5G is the next big leap in mobile networking, a cluster of technologies that will deliver greatly increased speed, bandwidth and reliability to users. The U.S. Department of Defense has said that 5G is critical to future military applications such as autonomous vehicles, multispectral sensor fusion and battlefield robots.
But whether America’s economy and warfighters will benefit fully from 5G depends in large part on who sets the standards and provides key technology. U.S. companies largely wrote the book for how 3G and 4G mobile technologies were introduced, but 5G is shaping up to be a zero-sum game between American tech companies and their Chinese rivals.
Against that backdrop, a federal district court decision in May is threatening to undercut the advantages that U.S. companies have in the 5G race, delivering an early victory to China. The decision found that the current U.S. leader in 5G technology, a company called Qualcomm, was violating antitrust law, and directed it to offer its portfolio of intellectual property to rivals at concessionary prices.
Judge Lucy Koh, who wrote the decision, did not dispute Qualcomm’s ownership of the technologies in question. Licensing patented technology to smartphone producers and other tech companies has long been a core feature of the company’s business model. But she found that Qualcomm’s failure to share it at subjectively “fairer” prices was tantamount to anti-competitive behavior—banned by the Sherman Antitrust Act of 1890 and subsequent federal standards.
The district court ruling was rendered pursuant to a case brought by the Federal Trade Commission during the waning days of the Obama Administration. But other federal agencies were aghast at the breadth and implications of Judge Koh’s decision, which in effect required Qualcomm to offer its technologies to Chinese competitors at fire-sale prices. The case was immediately appealed with complaints questioning the ruling filed by three heavy-weight government entities.

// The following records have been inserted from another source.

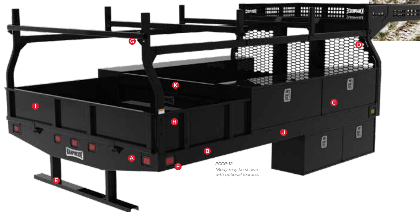
PCCR-12 *Body may be shown with optional features

Visit knapheide.com/quote and fill out the form to receive a quote and additional product information.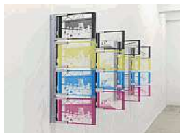
Dara Birnbaum Computer Assisted Drawings: Proposal for Sony Corporation 1992/2017 Drawings on Plexiglas in custom aluminum frames Sixteen parts, each set of four: 36 5/8 x 15 3/4 x 1 1/8 inches (92.7 x 40 x 3 cm) Courtesy the artist and Marian Goodman Gallery, New York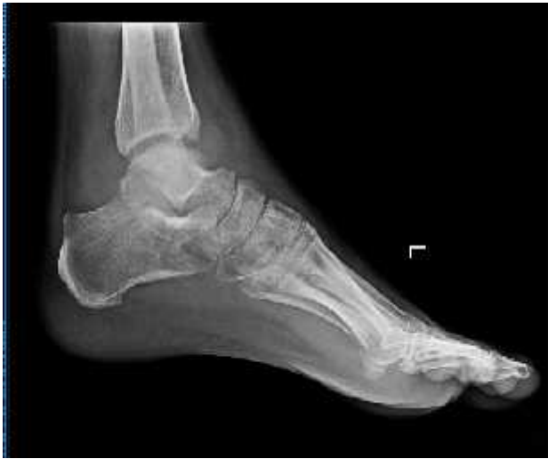
Fig 1 X Ray of ankle with foot showing soft tissue shadow and articular irregularity of ankle

able to perform daily activities without restrictions. Further improvement was observed at 9 months at the completion of chemotherapy.

The Justice Department argued the court had made “fundamental errors” in her analysis, misapplying antitrust law and imposing an overly broad remedy without consideration of how third parties might be injured. The Defense Department warned that “any disruption of supply of Qualcomm products or services to the U.S. Government, or of Qualcomm’s related R&D, even for a short period of time, could have a detrimental impact on national security.”
The Energy Department’s chief information officer stated in his own filing with the court, “The Department believes that any remedy that causes undue financial strain on Qualcomm may result in undermining Qualcomm’s position in the growing 5G market (among other telecommunications markets) and ceding to foreign entities, in particular China, a dominant position in the development and expansion of 5G technology.” The Energy Department specifically referenced its responsibility for managing the nation’s nuclear-weapons programs in describing fallout from the district court decision.
There isn’t much doubt that if the decision is sustained it will have profoundly negative consequences for Qualcomm because the company generates much of its revenues from licensing intellectual property. The unusual aspect of the ruling is that the ownership of the intellectual property is not in question, combined with the court’s insistence that it must be shared at a lower cost with Qualcomm’s rivals. Even when companies operate as monopolies, it is rare for regulators to insist they must share proprietary technology with direct competitors. There is no precedent for U.S. technology companies being directed to offer their intellectual property to hostile, national rivals.
Qualcomm is not strictly speaking a monopoly, but it is widely acknowledged that the company plays a unique role in the telecom sector—a role no other U.S. enterprise can likely fill in setting standards for the rollout of 5G technology. But Chinese enterprises, most notably Huawei, probably could. So the district court ruling potentially confers a huge competitive advantage in the 5G race on China that it did not earn.
This is just the latest instance of U.S. domestic processes helping America’s competitors and hurting national security. The pattern has repeated numerous times, most notably in allowing Beijing to join the World Trade Organization without enforcing its free-trade commitments.
In this case, U.S. economic and military security are endangered by a self-inflicted wound. This is why many in national security hope the higher court will grasp the destructive consequences of the district court ruling in the Qualcomm case with a decision more in keeping with the traditional standards of antitrust law.